New Delhi: He called me dada; I called him bhai. Co-travellers, we learnt our first – and the most enduring – journalism lessons in the jungles of Bastar. I then worked with the Indian Express, the newspaper that had given me a crucial assignment to travel, report and write from Central India. I had a luxurious cushion of “national media;” he was exposed to the daily risks against which I was largely insulated.

But Mukesh Chandrakar always remained an explorer, whereas I, the unlucky one, had to abandon the jungle. If the foundation of journalism is field reporting, the daily grind in the sun and the soil that leaves your body grimy and the soul tanned, Mukesh epitomised it.
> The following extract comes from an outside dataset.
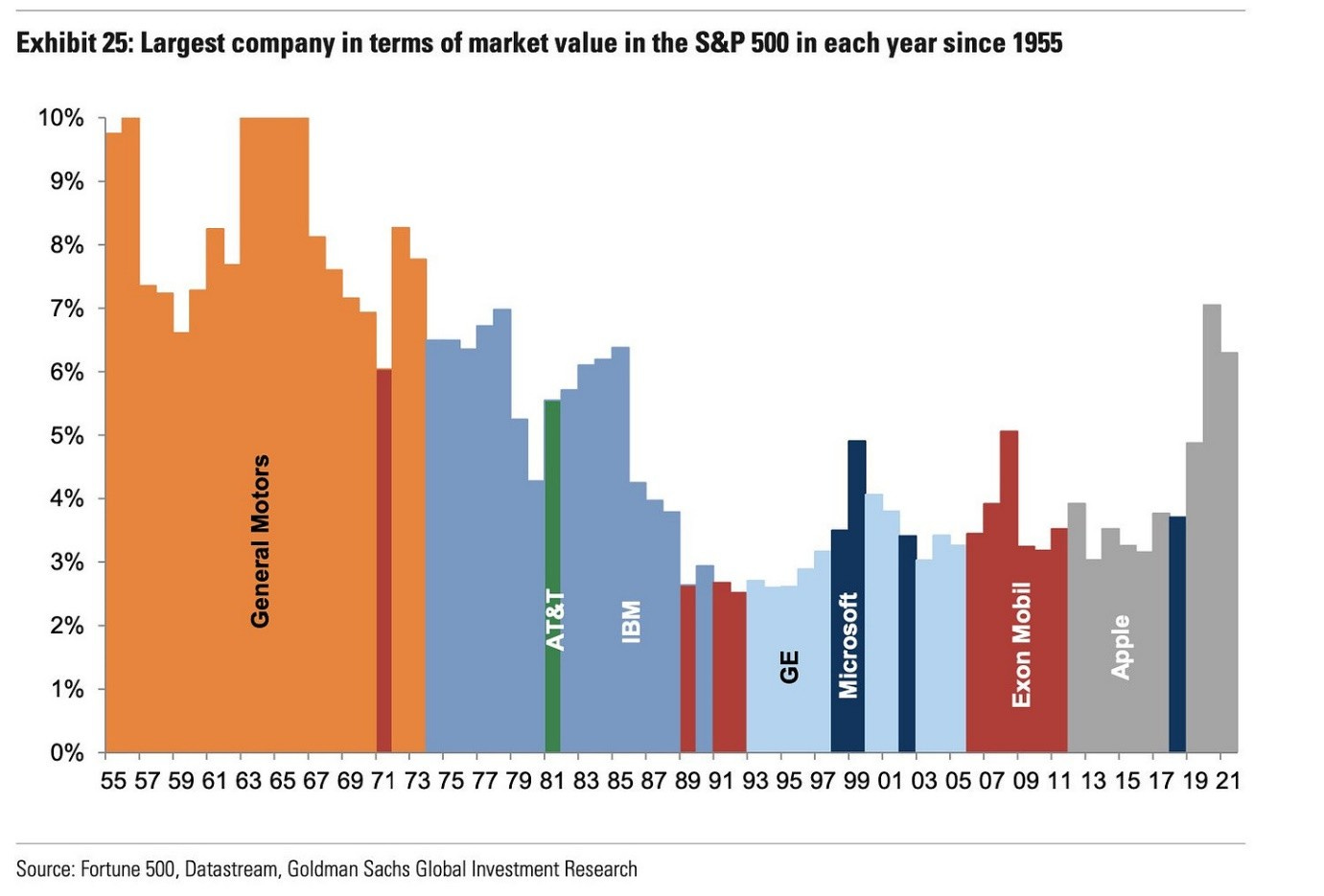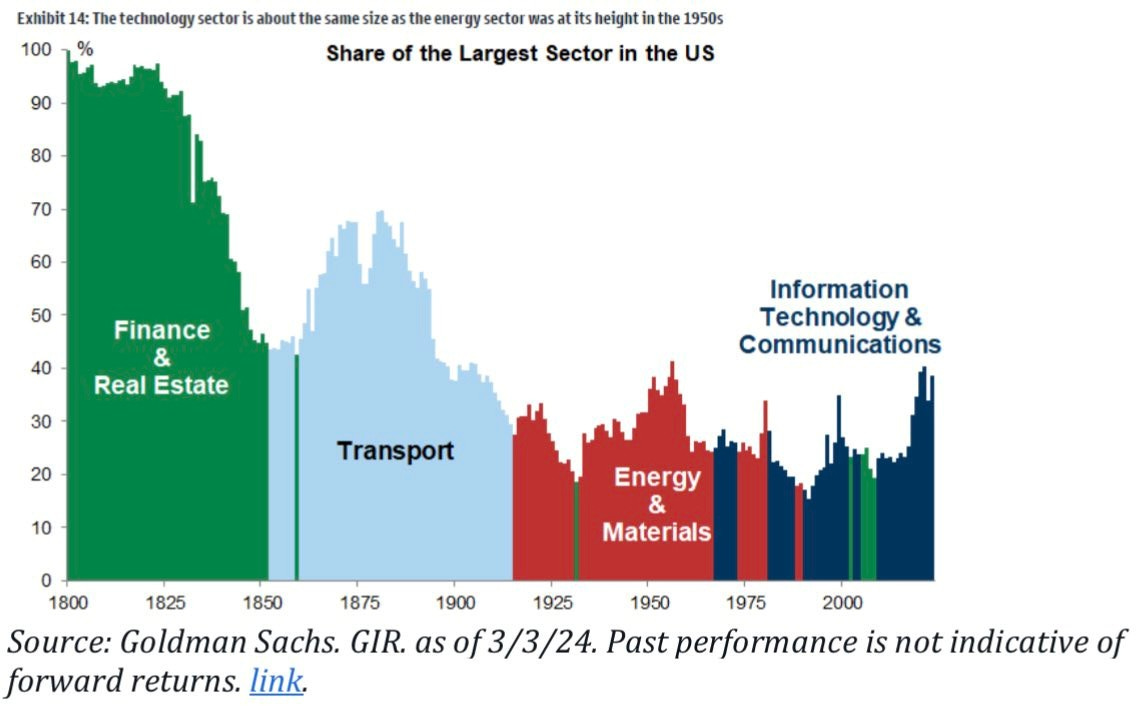 We see the same dynamic illustrated slightly differently with the largest stock — a good example is General Motors being the largest stock for decades during the rise of autos, with IBM, GE, Exon Mobil, and Apple also serving their times. The key point is when you get revolutionary and even just cyclical (e.g. commodity supercycle) changes happening in the economy, business, and markets, it’s only natural to see the leader or posterchild of that theme rise to the top (e.g. as now with NVDA and the AI revolution).

His own life experiences greatly contributed to his understanding of the police-Maoist conflict and the Adivasi life in Dandakaranya. He was born in Basaguda village of Bijapur during the early years of the Naxal insurgency. He lost his father early and was later uprooted from his village in the Salwa Judum violence. His mother, an anganwadi worker, shifted to the Basaguda refugee camp before the family was forced to move to another refugee camp in Avapalli. A decade later, he lost his mother to cancer.

He was, thus, naturally predisposed to be a remarkable chronicler, an outstanding interlocutor of the tragic zone that Bastar is. He worked for........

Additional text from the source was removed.